The disciplinary decision will be upheld as long as it is supported by “some evidence in the record,” which is a meager standard. Scruggs v. Jordan, 485 F.3d 934, 941 (7th Cir. 2007) (“once the meager threshold has been crossed our inquiry ends.”). On habeas review, the court does not reweigh the evidence or determine credibility. See Meeks v. McBride, 81 F.3d 717, 720 (7th Cir. 1996). Rather, the court merely looks to whether there is any evidence in the record supporting the disciplinary decision. See Henderson v. U.S. Parole Comm’n, 13 F.3d 1073, 1077 (7th Cir. 1994) (a court can overturn a disciplinary decision only if no reasonable adjudicator could have found the inmate guilty of the offense based on the evidence presented).

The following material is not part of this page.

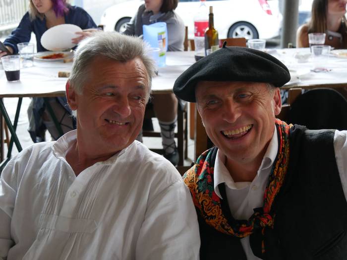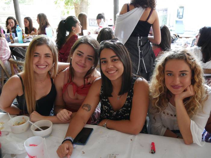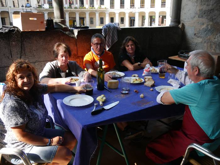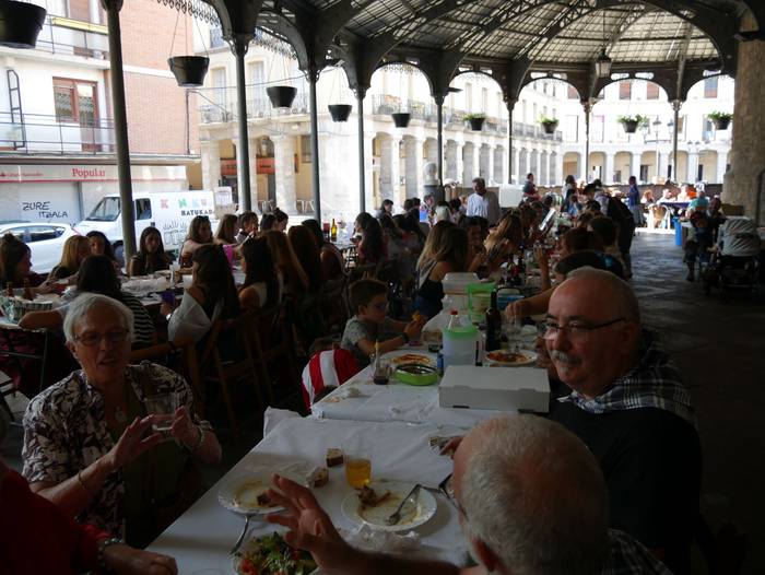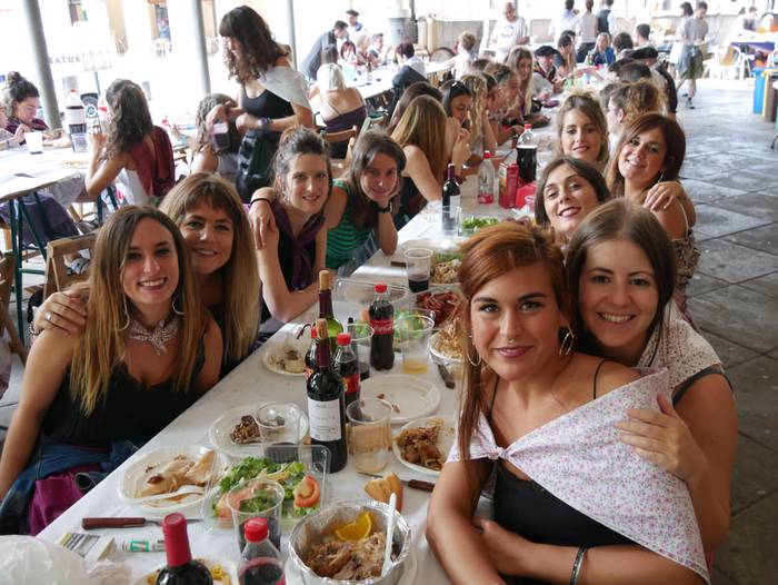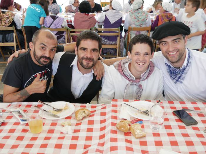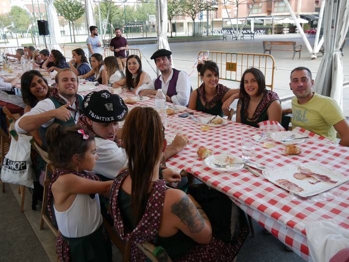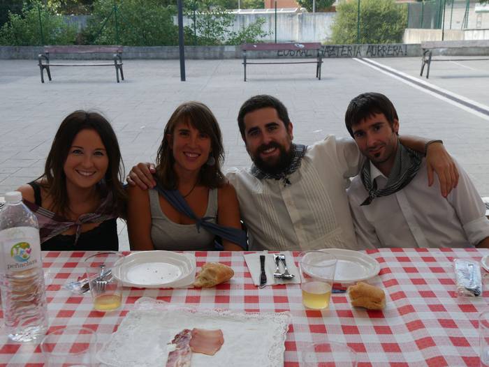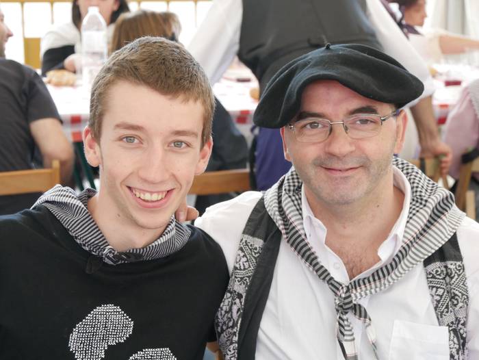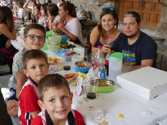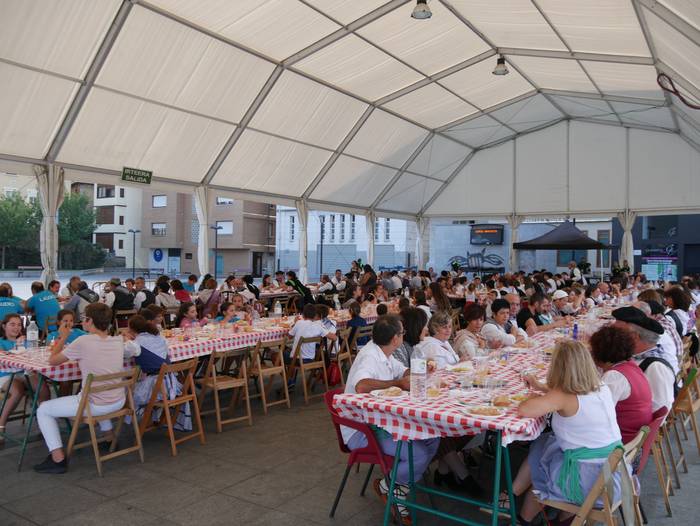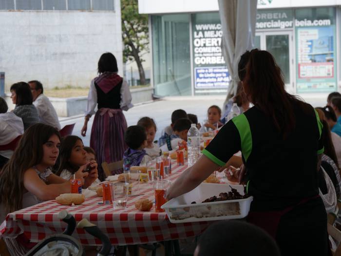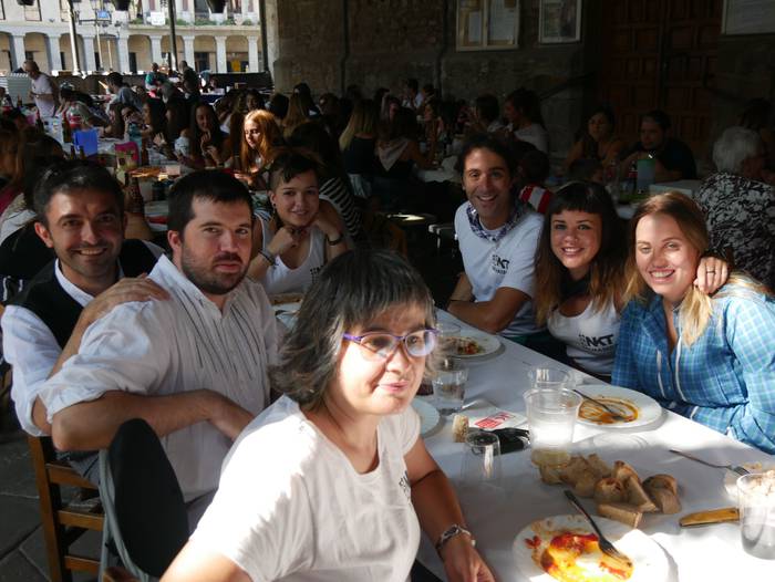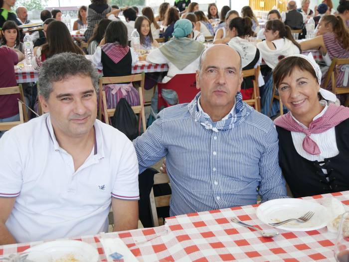 Euskararen jaiaren baitan bi herri bazkari egon ziren atzo: Itxarkundiaren 40.urtemugako ospakizuna -sagardotegi menua- eta elizako arkupeetako bazkaria.
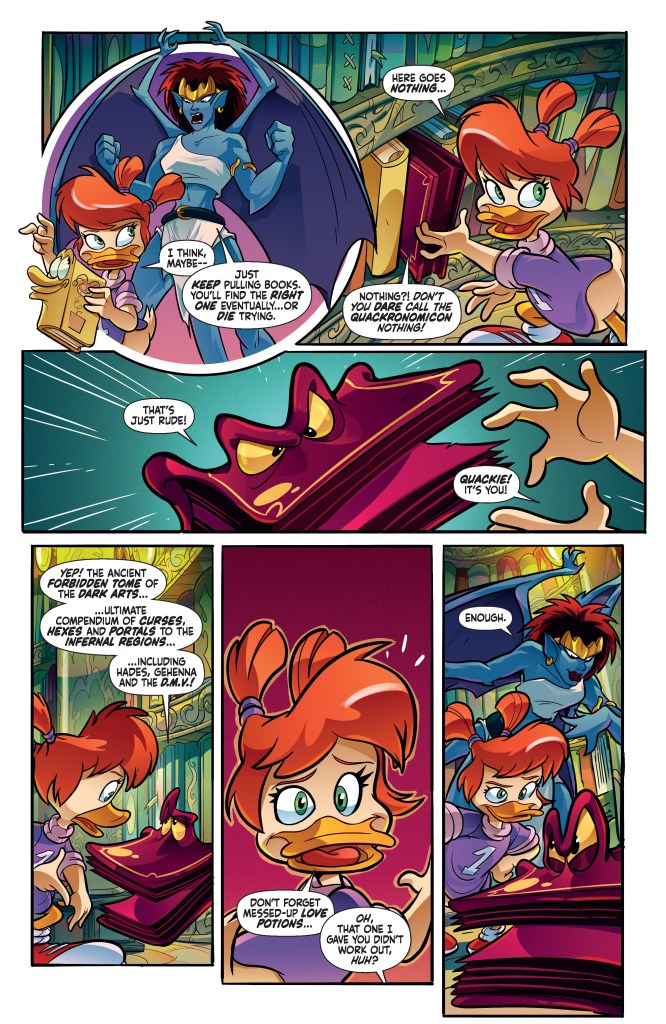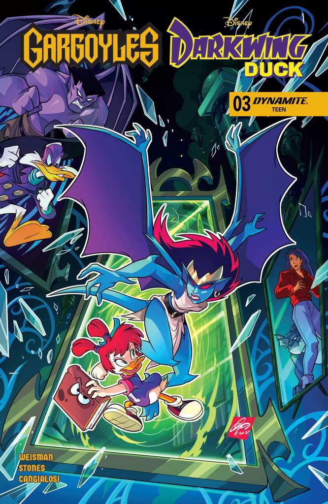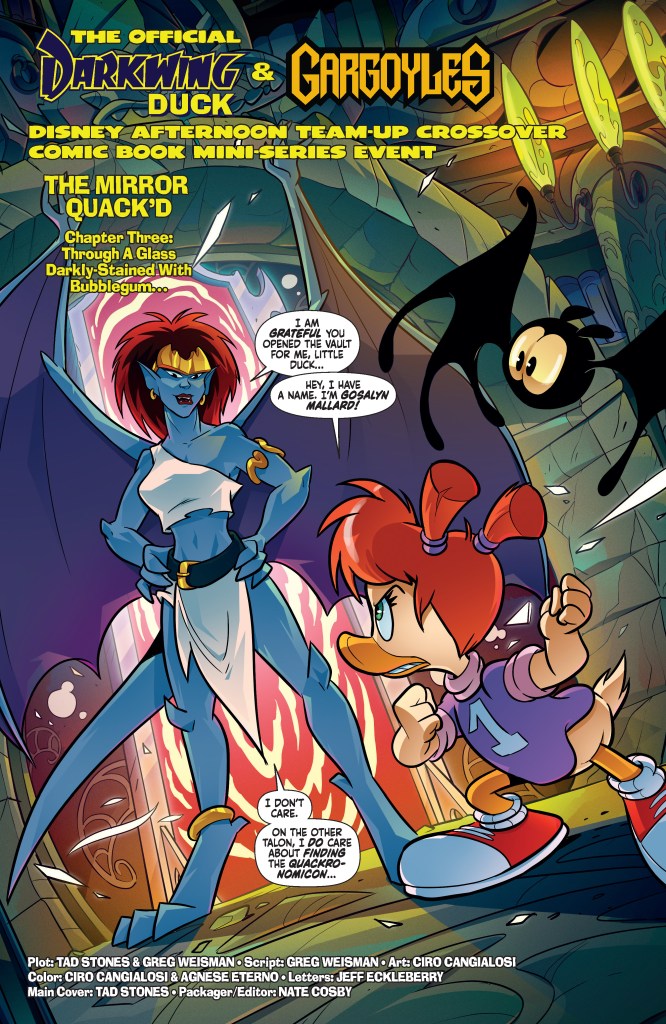 THROUGH THE LOOKING GLASS! Things go from bad to catastrophic as Demona — despite Gosalyn’s best efforts to thwart the rogue Gargoyle — cracks open the wizard Gandersnatch’s vault inside the Mirror Realm and claims the terrifying tome known as the Quackronomicon for her own! But what hair-whitening horrors will she summon from its eldritch depths? And more important, how can Darkwing, Goliath, and their erstwhile allies stop them? Find out at least some of the answers in the action-filled pages of Gargoyles/Darkwing Duck #3 — painstakingly packaged by co-authors GREG WEISMAN and TAD STONES and artist CIRO CANGIALOSI, with polishing touches from STONES, CANGIALOSI, CARLO LAURO, and IVAN BIGARELLA!

A federal prisoner must exhaust his federal administrative remedies before seeking habeas relief in court. See Richmond v. Scibana, 387 F.3d 602, 604 (7th Cir. 2004) (“A common- law exhaustion rule applies to § 2241 actions even though § 1997e(a) does not.”). Proper exhaustion requires compliance with the Bureau of Prisons’ Administrative Remedy Program, which is set out at 28 C.F.R. §§ 542.10-542.19. See Woodford v. Ngo, 548 U.S. 81, 90-91 (2006) (“Proper exhaustion demands compliance with an agency's deadlines and other critical procedural rules because no adjudicative system can function effectively without imposing some orderly structure on the course of its proceedings.”).